Разумеется, то, что в итоге получилось у госпожи Виктории, довольно слабо напоминало джинсы – портниха еще восприняла необходимость делать накладные карманы и молнию, но категорически отказалась использовать оранжевые нитки. Однако, несмотря ни на что, я был уверен, что являюсь единственным обладателем джинсов в Греции, и был совершенно счастлив! Через два года та же Виктория сшила мне настоящий мужской костюм, который позже пропутешествовал со мной в Америку и обратно в чемодане, где и по сей день хранится мой первый архив.
Стоит добавить, что наша портниха знала о моем увлечении оружием и как-то принесла мне из пригорода Пирея Кокинья, где она жила, кусок обшивки транспорта боеприпасов, взорванного в Пирейской гавани во время войны.

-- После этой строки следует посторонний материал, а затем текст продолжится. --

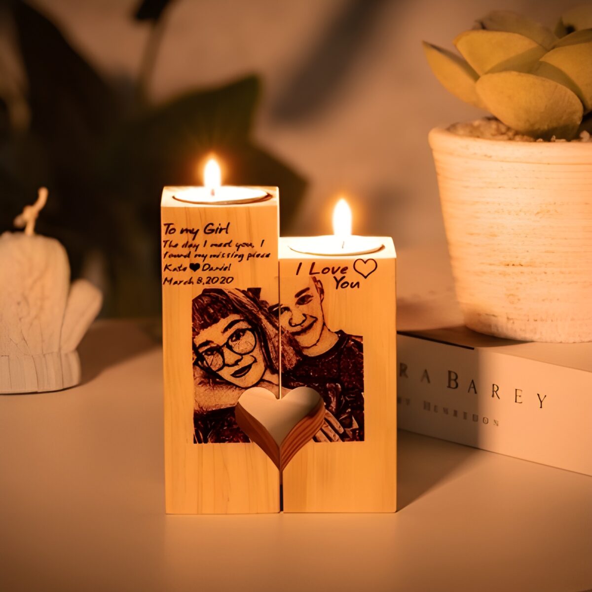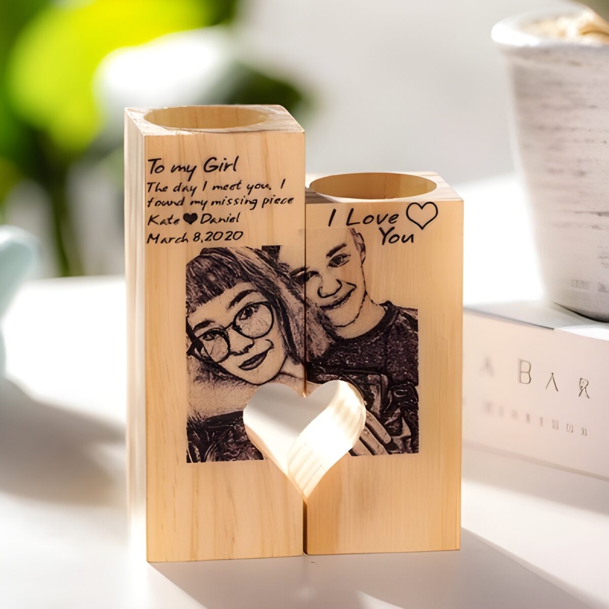 🕯️ Embrace your love with these custom photo wooden candlesticks, perfect for sharing warmth and memories in any home.

Много позже я отнес его в Музей военной истории, где он стал одним из ценных экспонатов.
Лето 1947 года мы с мамой и Айви провели на Родосе, где в то время работал один из маминых кузенов, Георгиос Протекдикос. Додеканесские острова были захвачены у турок итальянцами в 1911 году, поэтому после Второй мировой войны они вошли в состав Греции. Наш родственник занимался восстановлением первых современных отелей Родоса, построенных итальянцами в период между двумя мировыми войнами. Позже он же получил заказ на электрификацию королевского дворца в Афинах. Так что на острове мы жили в хорошем номере и провели там все три летних месяца.
Кстати, в то лето нашим гостем и в Афинах, и на Родосе был представитель триестинской части семьи, 15-летний Пауло, правнук Марии Протекдикос, сестры моего деда. Один из его дядей воевал во время войны в итальянской армии и был захвачен союзниками в Северной Африке. Он два года провел в качестве военнопленного в Америке, о которой сохранил самые теплые воспоминания. При этом сам Пауло американцев ненавидел и, решив, что я слишком увлекаюсь ими, однажды жестоко избил меня. Это, кстати, послужило мне уроком и в дальнейшем я посвятил немало времени физическим упражнениям и заметно улучшил свою спортивную форму.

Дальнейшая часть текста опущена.